> Source material
# # # # #

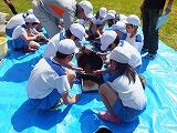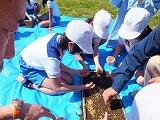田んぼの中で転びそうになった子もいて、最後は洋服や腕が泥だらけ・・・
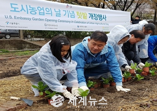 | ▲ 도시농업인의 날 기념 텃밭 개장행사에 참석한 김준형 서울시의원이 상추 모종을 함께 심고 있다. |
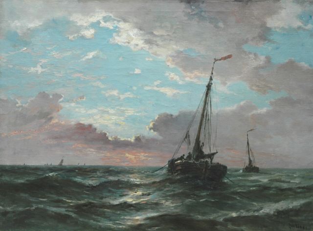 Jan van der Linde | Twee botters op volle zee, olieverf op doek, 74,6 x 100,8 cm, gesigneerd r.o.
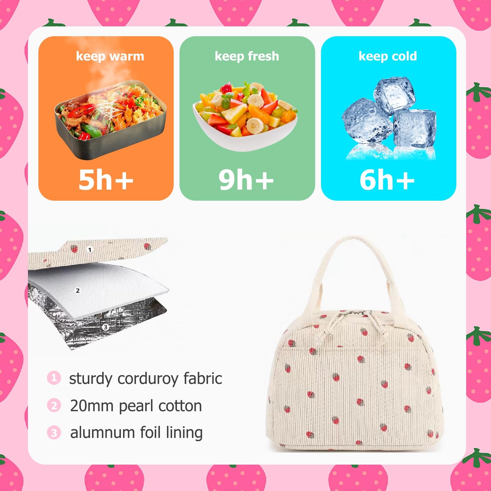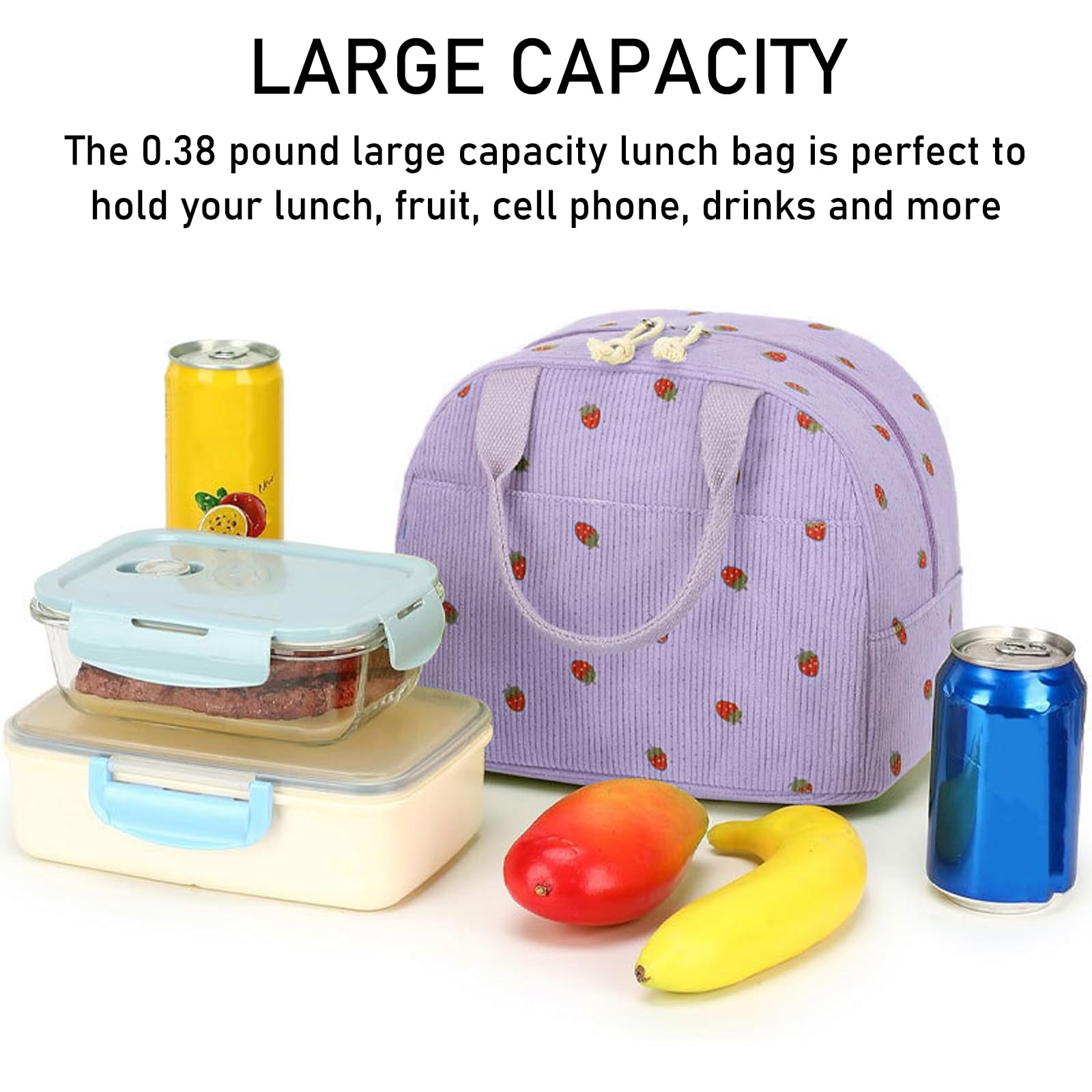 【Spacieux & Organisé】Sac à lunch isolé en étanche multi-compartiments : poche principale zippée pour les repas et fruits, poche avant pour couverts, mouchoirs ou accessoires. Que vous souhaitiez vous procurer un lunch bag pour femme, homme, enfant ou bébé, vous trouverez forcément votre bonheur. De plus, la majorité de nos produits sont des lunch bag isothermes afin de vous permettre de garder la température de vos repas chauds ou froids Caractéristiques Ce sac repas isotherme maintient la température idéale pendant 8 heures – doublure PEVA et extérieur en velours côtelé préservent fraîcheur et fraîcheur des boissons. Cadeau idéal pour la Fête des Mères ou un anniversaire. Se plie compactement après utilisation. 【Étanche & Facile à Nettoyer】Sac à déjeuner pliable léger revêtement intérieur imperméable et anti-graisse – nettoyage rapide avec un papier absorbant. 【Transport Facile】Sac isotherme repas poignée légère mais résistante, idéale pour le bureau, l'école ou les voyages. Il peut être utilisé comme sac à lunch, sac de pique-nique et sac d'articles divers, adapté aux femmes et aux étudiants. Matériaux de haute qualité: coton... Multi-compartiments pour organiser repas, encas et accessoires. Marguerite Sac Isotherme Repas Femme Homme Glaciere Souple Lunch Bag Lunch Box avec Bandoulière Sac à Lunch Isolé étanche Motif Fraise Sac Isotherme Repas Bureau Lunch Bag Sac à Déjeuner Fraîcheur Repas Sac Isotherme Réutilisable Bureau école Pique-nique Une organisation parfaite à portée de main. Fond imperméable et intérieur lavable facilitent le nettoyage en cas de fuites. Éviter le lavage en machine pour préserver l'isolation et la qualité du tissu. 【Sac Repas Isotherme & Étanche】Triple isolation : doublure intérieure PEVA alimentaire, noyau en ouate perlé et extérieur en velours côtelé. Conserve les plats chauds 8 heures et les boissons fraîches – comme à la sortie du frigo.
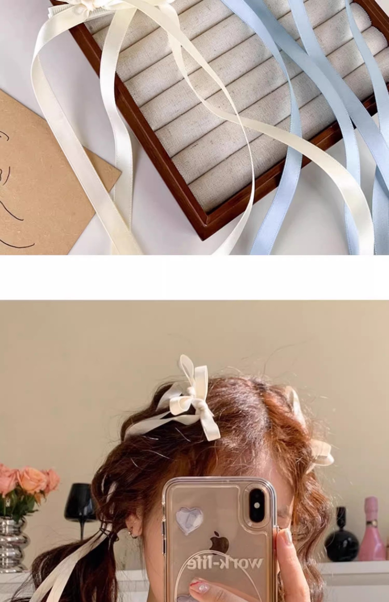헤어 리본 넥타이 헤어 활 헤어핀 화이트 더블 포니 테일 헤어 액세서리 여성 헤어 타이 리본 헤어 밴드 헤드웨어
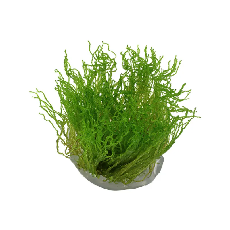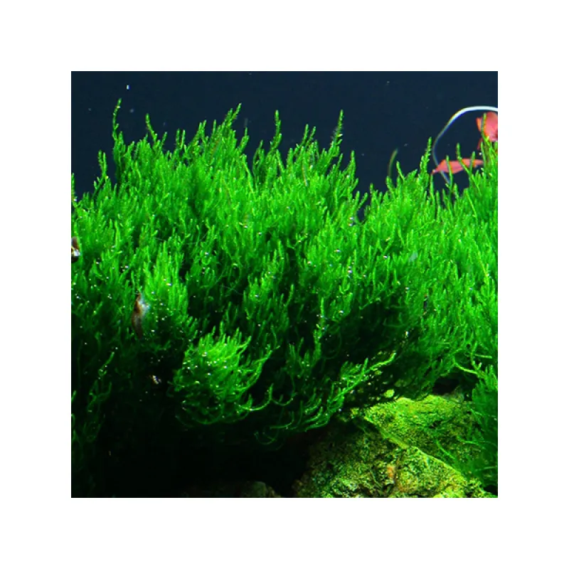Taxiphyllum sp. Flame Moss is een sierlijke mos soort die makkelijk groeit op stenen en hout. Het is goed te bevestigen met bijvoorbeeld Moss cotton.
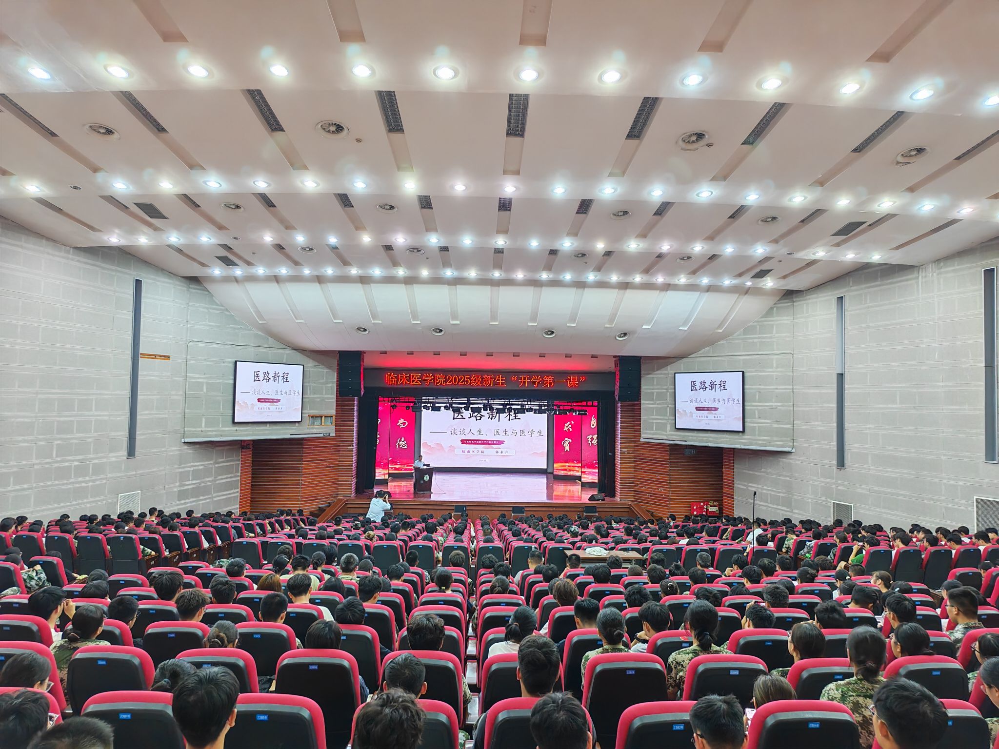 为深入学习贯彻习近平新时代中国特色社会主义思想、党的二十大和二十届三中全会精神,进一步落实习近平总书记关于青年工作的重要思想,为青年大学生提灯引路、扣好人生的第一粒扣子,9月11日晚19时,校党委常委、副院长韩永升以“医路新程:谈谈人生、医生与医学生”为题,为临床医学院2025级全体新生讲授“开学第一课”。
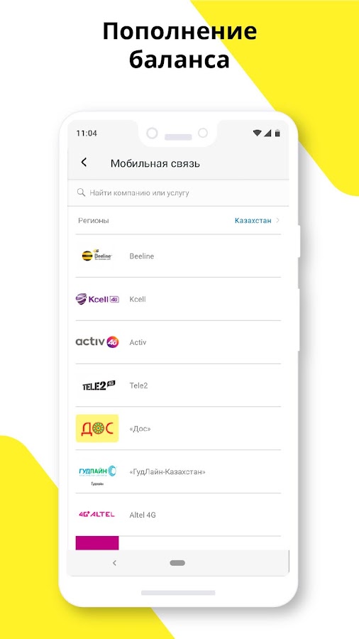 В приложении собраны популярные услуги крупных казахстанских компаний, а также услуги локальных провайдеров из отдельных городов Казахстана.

# # # # #

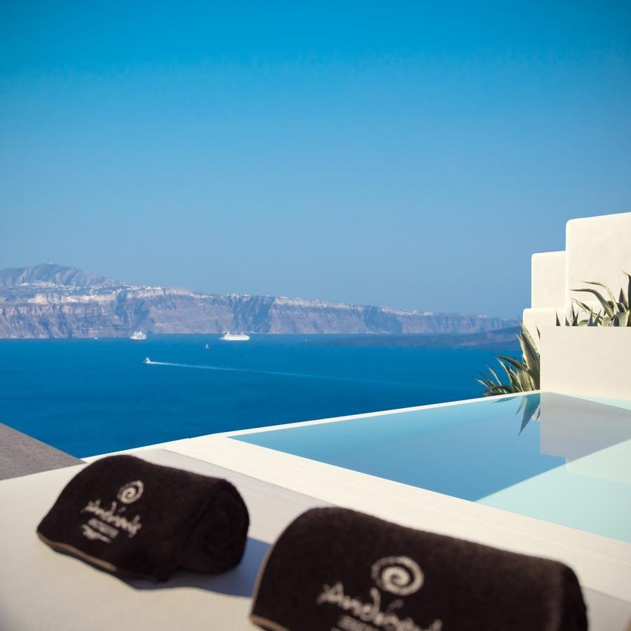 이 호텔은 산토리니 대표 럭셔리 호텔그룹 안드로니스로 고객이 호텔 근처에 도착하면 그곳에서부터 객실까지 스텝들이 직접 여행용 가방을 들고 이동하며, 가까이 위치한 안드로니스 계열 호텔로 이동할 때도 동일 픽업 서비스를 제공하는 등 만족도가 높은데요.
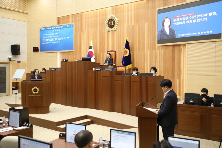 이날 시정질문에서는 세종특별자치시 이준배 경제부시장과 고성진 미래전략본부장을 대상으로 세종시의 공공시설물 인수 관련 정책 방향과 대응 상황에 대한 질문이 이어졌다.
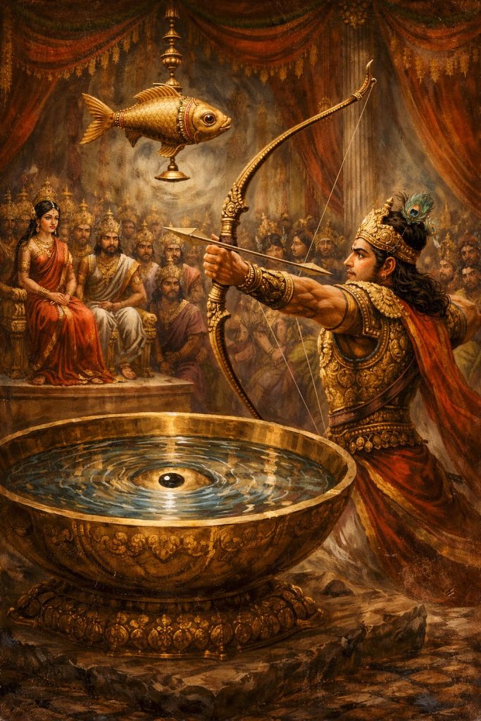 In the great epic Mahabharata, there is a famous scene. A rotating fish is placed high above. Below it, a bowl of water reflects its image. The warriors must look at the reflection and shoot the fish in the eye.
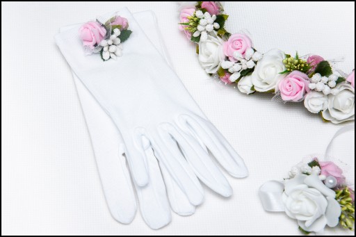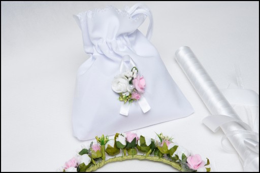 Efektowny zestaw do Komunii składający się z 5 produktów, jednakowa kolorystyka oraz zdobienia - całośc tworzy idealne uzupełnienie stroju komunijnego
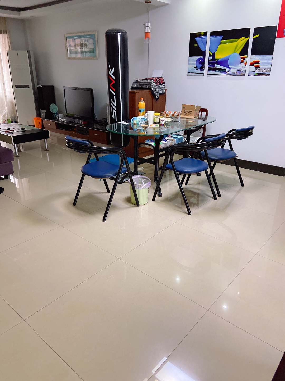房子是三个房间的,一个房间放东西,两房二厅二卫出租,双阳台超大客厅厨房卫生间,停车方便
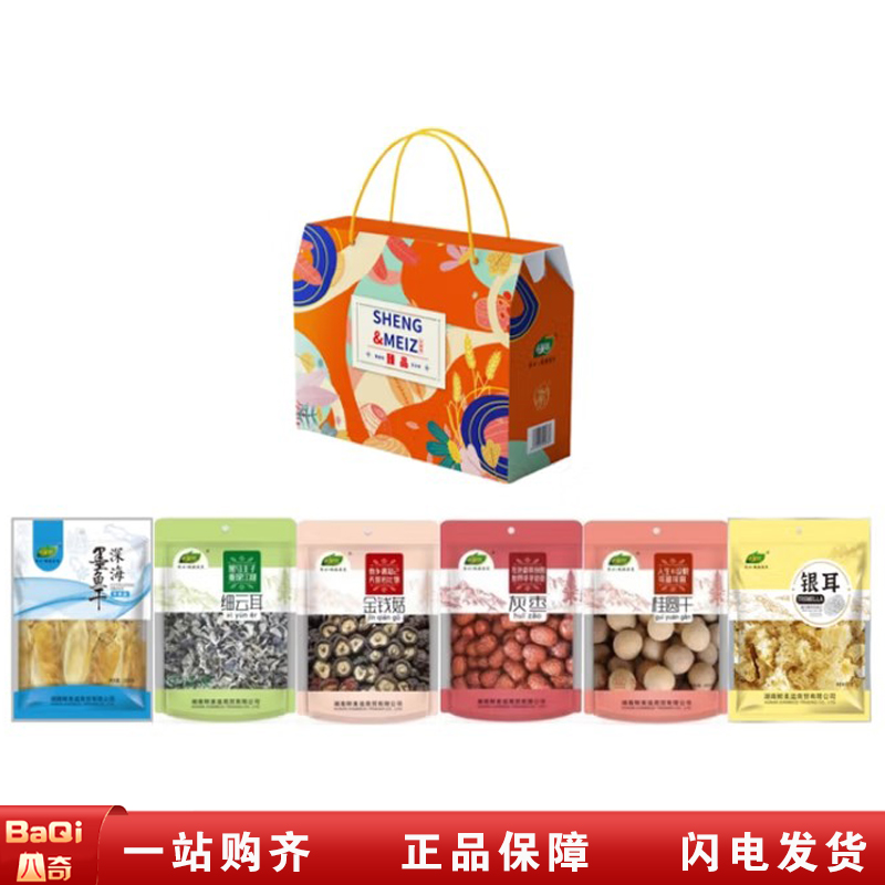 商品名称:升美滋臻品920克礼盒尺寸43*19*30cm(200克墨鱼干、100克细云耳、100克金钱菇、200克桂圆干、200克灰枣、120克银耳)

# # # # #

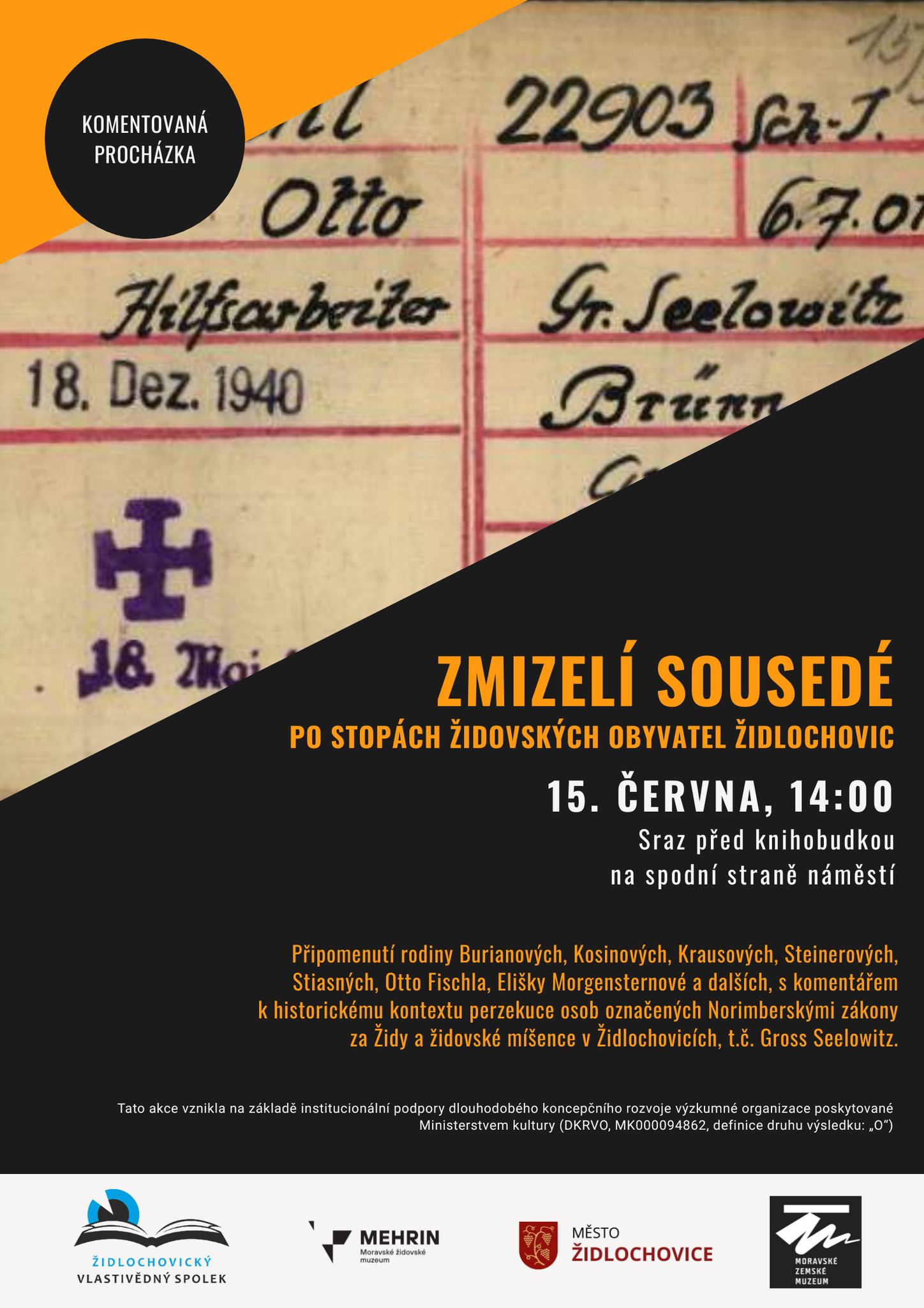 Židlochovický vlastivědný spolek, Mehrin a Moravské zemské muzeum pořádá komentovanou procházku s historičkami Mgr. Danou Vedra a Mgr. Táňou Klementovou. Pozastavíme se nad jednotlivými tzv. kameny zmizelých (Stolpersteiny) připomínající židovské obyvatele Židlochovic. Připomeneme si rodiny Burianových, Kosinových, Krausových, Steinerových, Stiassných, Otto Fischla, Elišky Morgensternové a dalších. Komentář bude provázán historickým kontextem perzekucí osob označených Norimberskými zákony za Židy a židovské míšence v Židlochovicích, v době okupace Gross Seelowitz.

# # # # #

> Exercise brief
Find the line with "In the great" in the entries above. Set down exactly every line from it up to and including the line with "商品名称:升美滋臻品920克", images excluded.

> Response to this task
 In the great epic Mahabharata, there is a famous scene. A rotating fish is placed high above. Below it, a bowl of water reflects its image. The warriors must look at the reflection and shoot the fish in the eye.
 Efektowny zestaw do Komunii składający się z 5 produktów, jednakowa kolorystyka oraz zdobienia - całośc tworzy idealne uzupełnienie stroju komunijnego
房子是三个房间的,一个房间放东西,两房二厅二卫出租,双阳台超大客厅厨房卫生间,停车方便
 商品名称:升美滋臻品920克礼盒尺寸43*19*30cm(200克墨鱼干、100克细云耳、100克金钱菇、200克桂圆干、200克灰枣、120克银耳)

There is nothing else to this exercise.